The categories are ordered from left to right, and the rules are ordered from top to bottom. Packets are matched against the rules with top-to-bottom ordering within each category. Each packet is checked against the top rule starting with the left-most category's rule table before moving down the subsequent rules in that table. If no match is found, then the same check is performed against the rules in the next category. The first rule that matches the traffic parameters is enforced. If the rule action is Allow, Drop, or Reject, no subsequent rules can be enforced as the search is then terminated for that packet. The rules in the Environment category have a additional "Jump to Application" action; any packet that matches such a rule will also be matched against the rule table and be policed by the matching rule of the Application category with top-to-bottom ordering. Because of this behavior, it is always recommended to put the most granular policies at the top of the rule table. This ensures that they will be enforced before more generic rules.
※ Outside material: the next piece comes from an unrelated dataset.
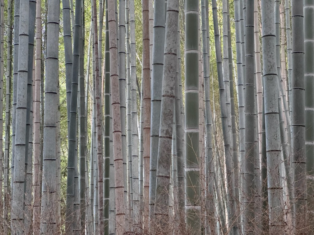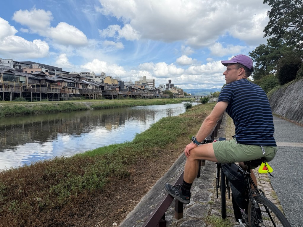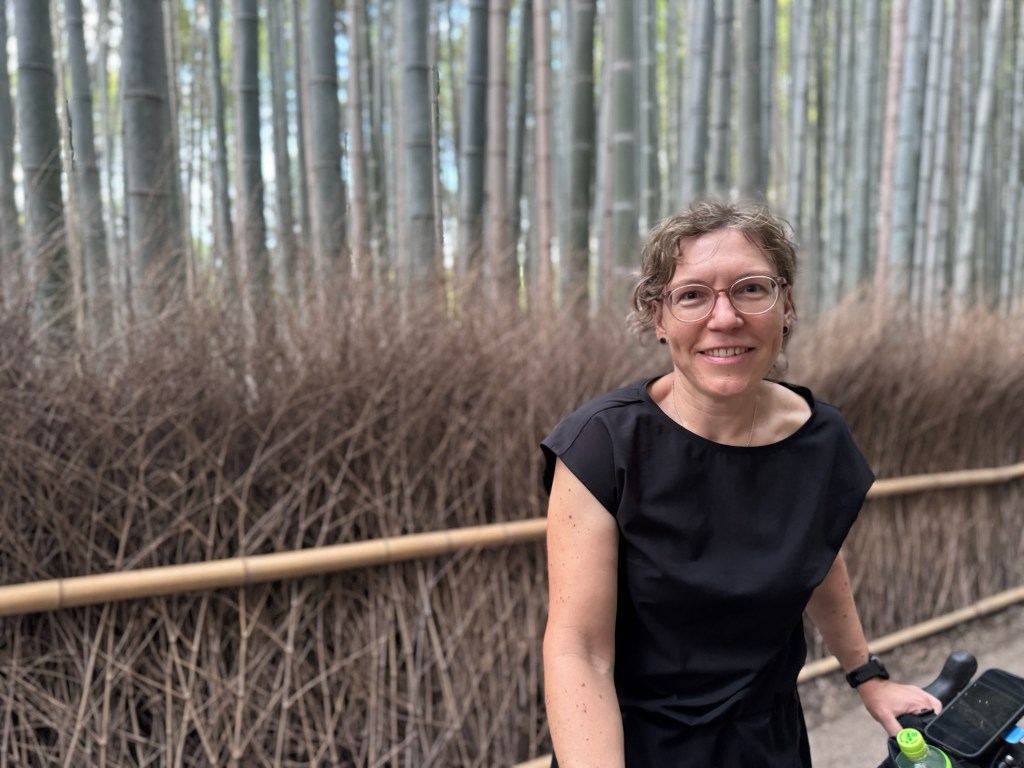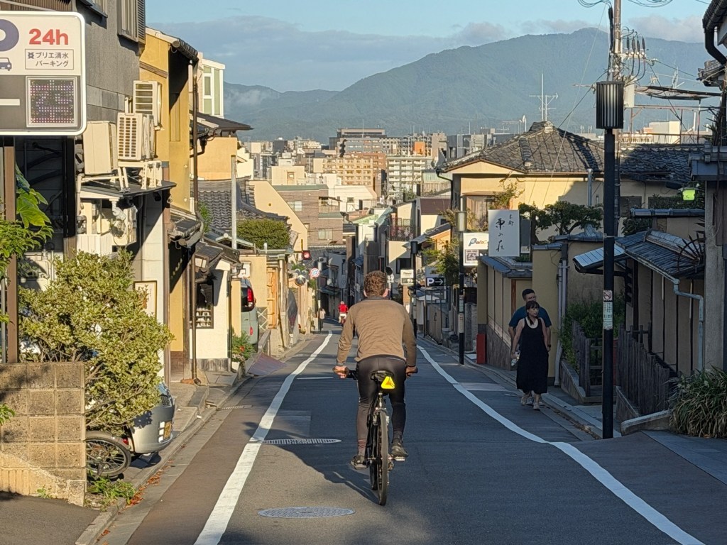 Nach einem kleinen Snack und einem Schläfchen im Kyoto Gyoen Nationalgarten brechen wir zu einer größeren Erkundungstour mit den Rädern auf. Diese führt uns auf meist kleinen Nebenstraßen durch Wohngebiete, vorbei an Schreinen, Tempeln und Macha Cafés hin zum bekannten Bambuswald. Letzterer ist aber sehr voll mit Touristen und wir sind froh als wir wieder auf den kleinen Nebenstraßen sind. Radlfahrer haben es sehr angenehm in Kyoto, es scheint fast so als hätten sie einen anerkannten Sonderstatus. Wir machen es den Einheimischen gleich und halten uns weder an Einbahnstraßen, Linksfahrgebot oder Ampeln. Wahlweise nutzen wir auch den Bürgersteig, wenn es auf der Straße nicht vorwärts geht.

The default NSX firewall rule that matches any packet not policied by a finer grain rule is configured with a permissive action. We recommend you configure more specific allowlist rules to permit traffic flows required by applications, and subsequently change the default rule to drop or reject in order to create a more secure security posture. Whether an east-west or north-south firewall fails close or fails open upon failure depends on the last rule in the firewall.

By default, the DFW implements the rule table and flow table model that most firewalls use. In the figure below, an IP packet identified as pkt1 matches rule number 2. The processing of a packet takes place as follows:
  1. A lookup is performed in the connection tracker table to determine if an entry for the flow already exists.
  2. As flow 2 is not present in the connection tracker table, a lookup is performed in the rule table to identify which rule is applicable to flow 2. The first rule that matches the flow will be enforced.
  3. Rule 2 matches for flow 2. The action is set to ‘Allow’.
  4. Because the action is set to ‘Allow’ for flow 2, a new entry will be created inside the connection tracker table. The packet is then transmitted out of DFW.